* **The problem**: Starting at the line that holds "Também estarão no" and stopping at the line that holds "Fauteuil de massage", restate the records below word for word, with both of those lines included.

-- Material shown follows --

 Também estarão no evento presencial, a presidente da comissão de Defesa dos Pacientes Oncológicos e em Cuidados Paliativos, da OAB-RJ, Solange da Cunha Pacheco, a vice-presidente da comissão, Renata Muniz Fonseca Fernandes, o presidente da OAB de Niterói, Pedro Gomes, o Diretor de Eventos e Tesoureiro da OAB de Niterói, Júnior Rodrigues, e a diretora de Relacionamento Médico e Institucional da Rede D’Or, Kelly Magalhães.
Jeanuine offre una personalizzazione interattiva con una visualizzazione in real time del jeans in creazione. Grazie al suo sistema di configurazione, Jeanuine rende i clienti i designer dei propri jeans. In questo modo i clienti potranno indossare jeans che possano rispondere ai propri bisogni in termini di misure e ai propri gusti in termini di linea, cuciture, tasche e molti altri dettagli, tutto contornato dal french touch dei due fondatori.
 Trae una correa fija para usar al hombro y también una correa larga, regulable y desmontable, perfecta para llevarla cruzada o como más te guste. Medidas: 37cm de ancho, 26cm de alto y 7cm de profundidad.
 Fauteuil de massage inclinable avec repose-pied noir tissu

-- Material shown concluded --
-- Material shown follows --

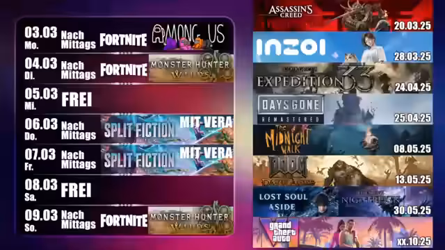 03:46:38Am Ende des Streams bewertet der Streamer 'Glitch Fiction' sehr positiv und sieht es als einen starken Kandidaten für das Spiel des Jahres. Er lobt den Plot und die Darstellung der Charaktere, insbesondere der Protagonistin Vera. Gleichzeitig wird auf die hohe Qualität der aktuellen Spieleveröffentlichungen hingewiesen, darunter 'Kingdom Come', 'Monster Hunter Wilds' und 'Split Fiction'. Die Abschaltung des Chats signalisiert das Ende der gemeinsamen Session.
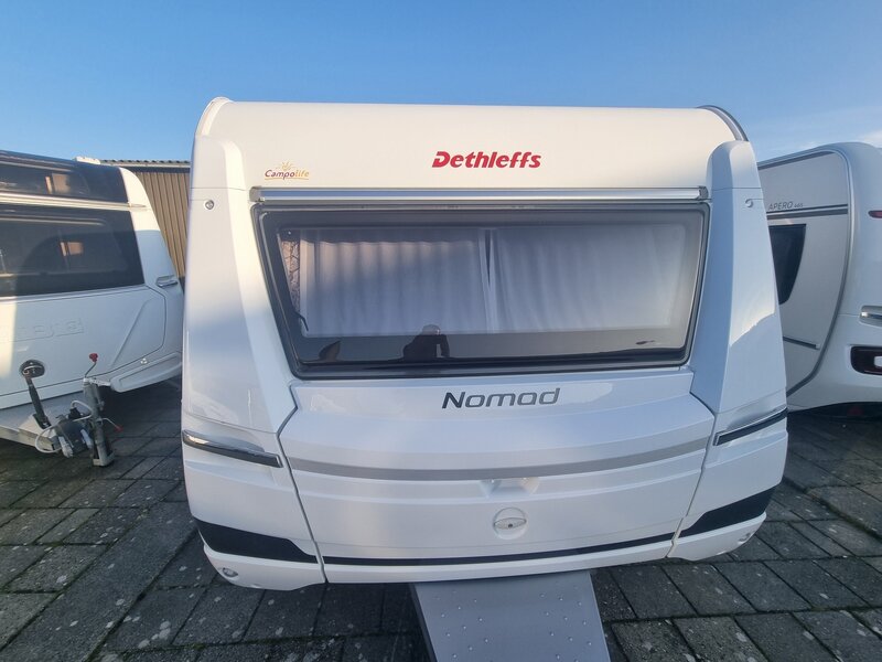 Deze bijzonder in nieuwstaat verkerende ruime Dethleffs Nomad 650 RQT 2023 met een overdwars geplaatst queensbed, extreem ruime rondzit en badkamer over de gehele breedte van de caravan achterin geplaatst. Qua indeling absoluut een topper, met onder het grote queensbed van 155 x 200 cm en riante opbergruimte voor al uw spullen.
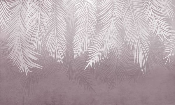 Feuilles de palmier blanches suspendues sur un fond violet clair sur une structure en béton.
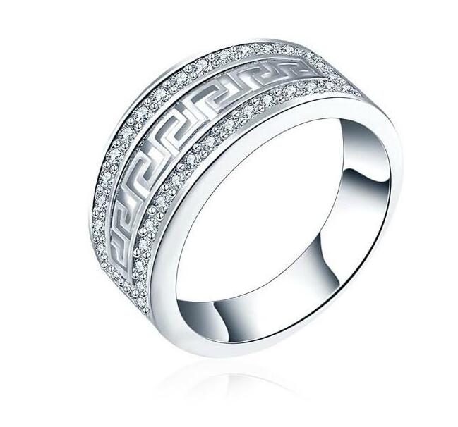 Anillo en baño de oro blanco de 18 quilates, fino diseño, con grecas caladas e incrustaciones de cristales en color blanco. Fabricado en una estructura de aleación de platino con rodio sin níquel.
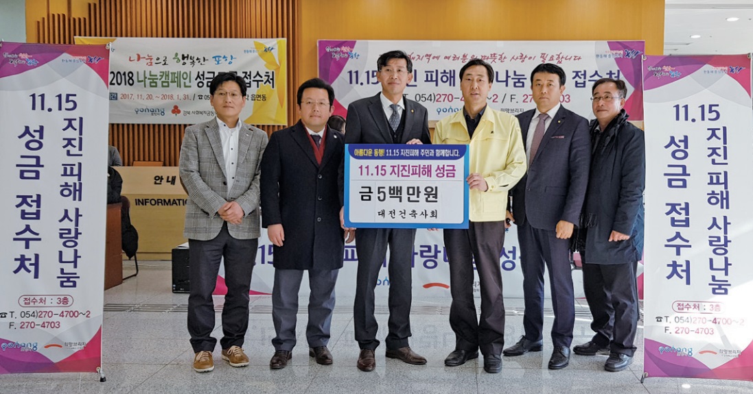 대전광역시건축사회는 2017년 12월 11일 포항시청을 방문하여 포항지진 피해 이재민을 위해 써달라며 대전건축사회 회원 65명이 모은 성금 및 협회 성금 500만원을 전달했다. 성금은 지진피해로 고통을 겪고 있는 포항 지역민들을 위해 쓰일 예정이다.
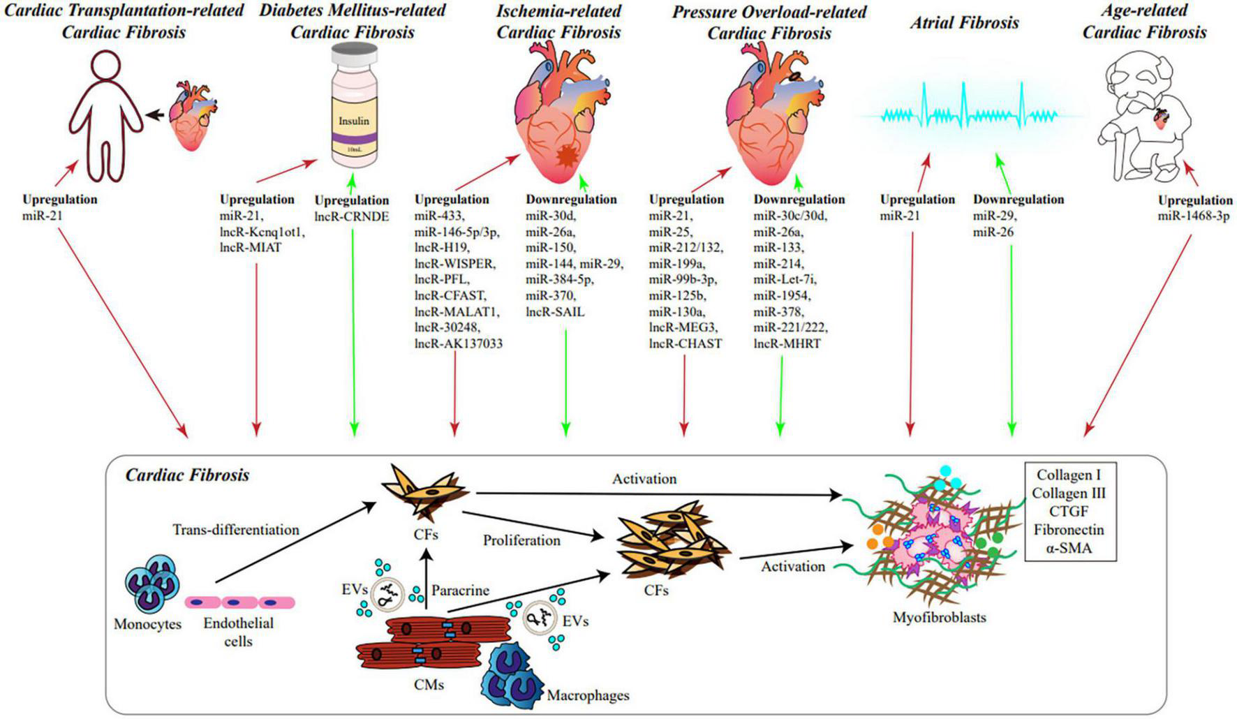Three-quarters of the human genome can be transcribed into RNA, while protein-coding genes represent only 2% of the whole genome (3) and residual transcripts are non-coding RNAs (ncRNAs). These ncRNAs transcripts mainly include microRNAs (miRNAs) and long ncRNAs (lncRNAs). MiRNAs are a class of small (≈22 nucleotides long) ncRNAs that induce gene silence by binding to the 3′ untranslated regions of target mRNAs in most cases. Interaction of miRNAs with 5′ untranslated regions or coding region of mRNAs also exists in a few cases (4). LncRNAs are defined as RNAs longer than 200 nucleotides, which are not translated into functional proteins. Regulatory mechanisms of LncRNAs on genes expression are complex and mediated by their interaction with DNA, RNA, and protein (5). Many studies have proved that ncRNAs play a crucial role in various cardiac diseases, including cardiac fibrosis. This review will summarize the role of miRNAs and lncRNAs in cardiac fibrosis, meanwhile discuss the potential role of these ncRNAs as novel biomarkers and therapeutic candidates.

-- Material shown concluded --

* **Final answer**:
 Também estarão no evento presencial, a presidente da comissão de Defesa dos Pacientes Oncológicos e em Cuidados Paliativos, da OAB-RJ, Solange da Cunha Pacheco, a vice-presidente da comissão, Renata Muniz Fonseca Fernandes, o presidente da OAB de Niterói, Pedro Gomes, o Diretor de Eventos e Tesoureiro da OAB de Niterói, Júnior Rodrigues, e a diretora de Relacionamento Médico e Institucional da Rede D’Or, Kelly Magalhães.
Jeanuine offre una personalizzazione interattiva con una visualizzazione in real time del jeans in creazione. Grazie al suo sistema di configurazione, Jeanuine rende i clienti i designer dei propri jeans. In questo modo i clienti potranno indossare jeans che possano rispondere ai propri bisogni in termini di misure e ai propri gusti in termini di linea, cuciture, tasche e molti altri dettagli, tutto contornato dal french touch dei due fondatori.
 Trae una correa fija para usar al hombro y también una correa larga, regulable y desmontable, perfecta para llevarla cruzada o como más te guste. Medidas: 37cm de ancho, 26cm de alto y 7cm de profundidad.
 Fauteuil de massage inclinable avec repose-pied noir tissu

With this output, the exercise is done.